Ketika dirinya mengikis setiap kepercayaan diri yang tertinggal…
Hanya kesunyian yang tak musnah, terkikis oleh waktu..
Perlahan tapi pasti, keganasan tentang dirinya mencoba menyatu kepada setiap orang yang mendekatinya…
Kecintaan orang – orang atas dirinya terbangun kokoh, tegap berdiri menantang jaman…

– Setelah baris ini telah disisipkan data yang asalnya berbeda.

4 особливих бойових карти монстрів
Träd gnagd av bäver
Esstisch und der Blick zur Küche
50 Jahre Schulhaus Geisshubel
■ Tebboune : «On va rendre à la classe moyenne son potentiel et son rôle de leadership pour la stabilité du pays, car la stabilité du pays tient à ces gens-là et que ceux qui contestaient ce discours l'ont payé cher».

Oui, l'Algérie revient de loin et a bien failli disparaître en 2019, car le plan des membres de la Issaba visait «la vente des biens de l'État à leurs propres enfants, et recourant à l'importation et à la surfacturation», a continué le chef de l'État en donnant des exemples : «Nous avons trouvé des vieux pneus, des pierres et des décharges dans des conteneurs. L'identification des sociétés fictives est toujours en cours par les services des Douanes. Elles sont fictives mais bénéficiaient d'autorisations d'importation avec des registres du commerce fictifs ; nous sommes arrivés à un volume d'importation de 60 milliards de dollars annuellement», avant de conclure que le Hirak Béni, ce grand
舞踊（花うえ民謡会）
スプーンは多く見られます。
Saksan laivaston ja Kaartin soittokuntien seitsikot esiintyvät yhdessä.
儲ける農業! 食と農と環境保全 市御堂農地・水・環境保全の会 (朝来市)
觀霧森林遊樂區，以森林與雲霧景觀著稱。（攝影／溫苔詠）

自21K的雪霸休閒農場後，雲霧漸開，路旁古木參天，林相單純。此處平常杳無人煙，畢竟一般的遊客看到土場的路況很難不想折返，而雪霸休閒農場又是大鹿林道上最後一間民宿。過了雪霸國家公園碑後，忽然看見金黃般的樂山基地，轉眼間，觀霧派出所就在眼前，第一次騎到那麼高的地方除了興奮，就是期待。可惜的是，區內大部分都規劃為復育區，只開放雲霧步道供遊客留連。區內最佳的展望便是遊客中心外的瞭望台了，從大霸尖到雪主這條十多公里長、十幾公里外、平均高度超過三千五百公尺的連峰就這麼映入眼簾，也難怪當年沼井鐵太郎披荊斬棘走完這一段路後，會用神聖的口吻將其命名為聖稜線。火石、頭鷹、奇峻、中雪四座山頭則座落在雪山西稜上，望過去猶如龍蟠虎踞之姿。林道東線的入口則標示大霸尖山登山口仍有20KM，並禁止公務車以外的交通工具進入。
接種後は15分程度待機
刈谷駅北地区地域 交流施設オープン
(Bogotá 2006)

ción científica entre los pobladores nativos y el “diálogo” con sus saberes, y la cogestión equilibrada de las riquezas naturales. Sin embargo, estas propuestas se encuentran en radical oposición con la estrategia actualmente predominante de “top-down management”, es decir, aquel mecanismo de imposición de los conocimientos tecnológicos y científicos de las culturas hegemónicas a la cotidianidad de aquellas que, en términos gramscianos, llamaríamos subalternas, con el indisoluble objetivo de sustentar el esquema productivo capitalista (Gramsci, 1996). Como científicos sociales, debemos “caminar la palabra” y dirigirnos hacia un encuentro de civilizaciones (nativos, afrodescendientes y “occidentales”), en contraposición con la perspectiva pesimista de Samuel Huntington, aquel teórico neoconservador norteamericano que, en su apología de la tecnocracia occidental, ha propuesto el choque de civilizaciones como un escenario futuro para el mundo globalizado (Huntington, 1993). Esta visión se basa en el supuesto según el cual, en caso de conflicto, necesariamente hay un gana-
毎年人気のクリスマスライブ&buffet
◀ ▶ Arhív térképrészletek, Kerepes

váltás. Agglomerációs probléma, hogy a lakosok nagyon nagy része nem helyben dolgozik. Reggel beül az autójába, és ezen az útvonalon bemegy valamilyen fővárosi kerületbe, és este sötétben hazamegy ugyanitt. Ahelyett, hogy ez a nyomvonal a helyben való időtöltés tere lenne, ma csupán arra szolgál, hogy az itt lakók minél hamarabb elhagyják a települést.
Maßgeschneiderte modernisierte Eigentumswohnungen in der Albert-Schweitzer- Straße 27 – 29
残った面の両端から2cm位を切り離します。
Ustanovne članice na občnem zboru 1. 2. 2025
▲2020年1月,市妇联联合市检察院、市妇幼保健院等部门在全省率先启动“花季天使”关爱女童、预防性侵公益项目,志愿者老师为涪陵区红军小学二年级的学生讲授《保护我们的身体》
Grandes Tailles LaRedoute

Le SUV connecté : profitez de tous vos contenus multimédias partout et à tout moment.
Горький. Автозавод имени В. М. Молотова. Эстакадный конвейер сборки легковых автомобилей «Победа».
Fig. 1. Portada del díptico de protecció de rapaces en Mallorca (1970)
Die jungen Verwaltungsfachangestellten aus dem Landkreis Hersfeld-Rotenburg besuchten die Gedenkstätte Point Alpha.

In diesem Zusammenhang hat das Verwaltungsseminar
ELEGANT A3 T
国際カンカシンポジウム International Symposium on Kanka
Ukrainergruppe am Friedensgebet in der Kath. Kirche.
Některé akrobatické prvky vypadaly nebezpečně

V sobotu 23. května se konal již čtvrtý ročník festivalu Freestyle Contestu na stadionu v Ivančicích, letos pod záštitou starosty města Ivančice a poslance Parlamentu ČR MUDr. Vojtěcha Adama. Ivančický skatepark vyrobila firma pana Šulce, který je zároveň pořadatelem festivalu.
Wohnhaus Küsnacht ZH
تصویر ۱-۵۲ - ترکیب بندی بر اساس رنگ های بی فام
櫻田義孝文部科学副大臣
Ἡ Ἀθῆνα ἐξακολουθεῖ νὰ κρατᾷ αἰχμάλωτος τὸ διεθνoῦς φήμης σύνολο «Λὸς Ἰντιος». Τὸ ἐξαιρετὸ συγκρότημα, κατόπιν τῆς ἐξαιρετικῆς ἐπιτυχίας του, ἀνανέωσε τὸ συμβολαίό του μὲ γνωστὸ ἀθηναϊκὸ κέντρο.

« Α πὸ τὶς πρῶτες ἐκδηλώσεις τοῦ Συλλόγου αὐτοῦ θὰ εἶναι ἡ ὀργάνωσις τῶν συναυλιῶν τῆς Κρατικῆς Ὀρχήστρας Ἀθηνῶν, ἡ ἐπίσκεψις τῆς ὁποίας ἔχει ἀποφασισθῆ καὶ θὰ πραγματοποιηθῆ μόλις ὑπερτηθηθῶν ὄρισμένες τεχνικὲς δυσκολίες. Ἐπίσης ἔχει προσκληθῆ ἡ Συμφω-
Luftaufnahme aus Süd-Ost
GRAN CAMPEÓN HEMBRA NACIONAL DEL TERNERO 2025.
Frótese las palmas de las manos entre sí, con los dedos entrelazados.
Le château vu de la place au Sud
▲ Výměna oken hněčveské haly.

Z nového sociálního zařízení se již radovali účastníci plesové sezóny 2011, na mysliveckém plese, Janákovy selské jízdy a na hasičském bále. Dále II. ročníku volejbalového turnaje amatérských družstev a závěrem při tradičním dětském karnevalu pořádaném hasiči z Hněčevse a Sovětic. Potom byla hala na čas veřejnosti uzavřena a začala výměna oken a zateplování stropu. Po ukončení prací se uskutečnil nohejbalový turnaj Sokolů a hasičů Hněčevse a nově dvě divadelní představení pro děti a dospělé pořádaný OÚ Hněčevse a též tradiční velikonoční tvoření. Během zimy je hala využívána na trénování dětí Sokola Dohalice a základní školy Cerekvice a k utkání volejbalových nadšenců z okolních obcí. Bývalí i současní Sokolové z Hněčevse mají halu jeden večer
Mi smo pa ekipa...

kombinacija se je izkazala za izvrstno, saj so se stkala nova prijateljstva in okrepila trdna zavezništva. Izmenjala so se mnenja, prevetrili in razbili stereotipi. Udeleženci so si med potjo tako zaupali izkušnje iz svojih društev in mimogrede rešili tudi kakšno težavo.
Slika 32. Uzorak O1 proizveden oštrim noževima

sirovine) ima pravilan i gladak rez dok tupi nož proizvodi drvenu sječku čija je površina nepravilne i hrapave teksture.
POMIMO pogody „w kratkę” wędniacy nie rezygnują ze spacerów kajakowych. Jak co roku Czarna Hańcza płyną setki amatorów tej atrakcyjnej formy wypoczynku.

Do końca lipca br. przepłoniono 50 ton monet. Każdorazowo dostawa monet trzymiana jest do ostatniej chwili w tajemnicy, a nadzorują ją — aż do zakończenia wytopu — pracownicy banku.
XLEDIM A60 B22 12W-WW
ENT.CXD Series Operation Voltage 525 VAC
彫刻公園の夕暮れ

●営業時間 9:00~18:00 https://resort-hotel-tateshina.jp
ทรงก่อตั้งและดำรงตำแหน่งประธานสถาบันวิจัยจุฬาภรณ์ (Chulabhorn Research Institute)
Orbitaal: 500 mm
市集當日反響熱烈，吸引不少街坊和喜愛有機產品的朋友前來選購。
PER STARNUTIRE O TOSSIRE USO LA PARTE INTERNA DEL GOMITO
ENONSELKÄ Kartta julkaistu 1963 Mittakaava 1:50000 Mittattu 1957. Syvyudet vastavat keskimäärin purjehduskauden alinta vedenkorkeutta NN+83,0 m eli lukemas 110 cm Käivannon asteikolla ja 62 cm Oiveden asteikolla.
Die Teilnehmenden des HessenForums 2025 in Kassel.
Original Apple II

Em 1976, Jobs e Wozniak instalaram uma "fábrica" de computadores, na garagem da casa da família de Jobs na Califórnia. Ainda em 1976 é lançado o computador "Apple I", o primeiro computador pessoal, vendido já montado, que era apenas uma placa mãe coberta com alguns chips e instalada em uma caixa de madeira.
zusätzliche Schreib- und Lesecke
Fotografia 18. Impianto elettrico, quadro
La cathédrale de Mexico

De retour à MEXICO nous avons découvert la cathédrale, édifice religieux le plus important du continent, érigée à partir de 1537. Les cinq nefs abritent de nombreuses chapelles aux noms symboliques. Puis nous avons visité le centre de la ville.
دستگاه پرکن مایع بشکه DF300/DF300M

Aneh… keganasan yang dicintai..
Perlahan – lahan ia mulai mengikis lagi.. Sehingga jiwa yang terkikis sudah mulai mengabaikan kesakitan kecil yang dulu terlihat besar…
Jiwa terus menahan sakit yang luar biasa, hingga ketika setitik terang muncul kebahagiaan luar biasa terpancar…
Kini diri itu telah menyatu dengan jiwa.. membangun tempat baru dalam jiwa itu.. Diatas perih sang jiwa Ia terus meletakan bata miliknya…
Jika kematian jiwa terlebih dulu datang sebelum pokok terbangun, maka runtuhlah tembok yang dibangun oleh pedih..
Namun, istana megah terbangun bagi jiwa yang terus berlari menjauh dari intaian maut..
Hingga pada akhirnya kebali kecintaan pada dirinya tumbuh melupakan goresan – goresan perih…
Seberkas cahaya itu belum datang, kikisan itu semakin merobek…
Bisakah aku terus berlari dengan luka dari kegelapan ini tanpa ada cahaya itu?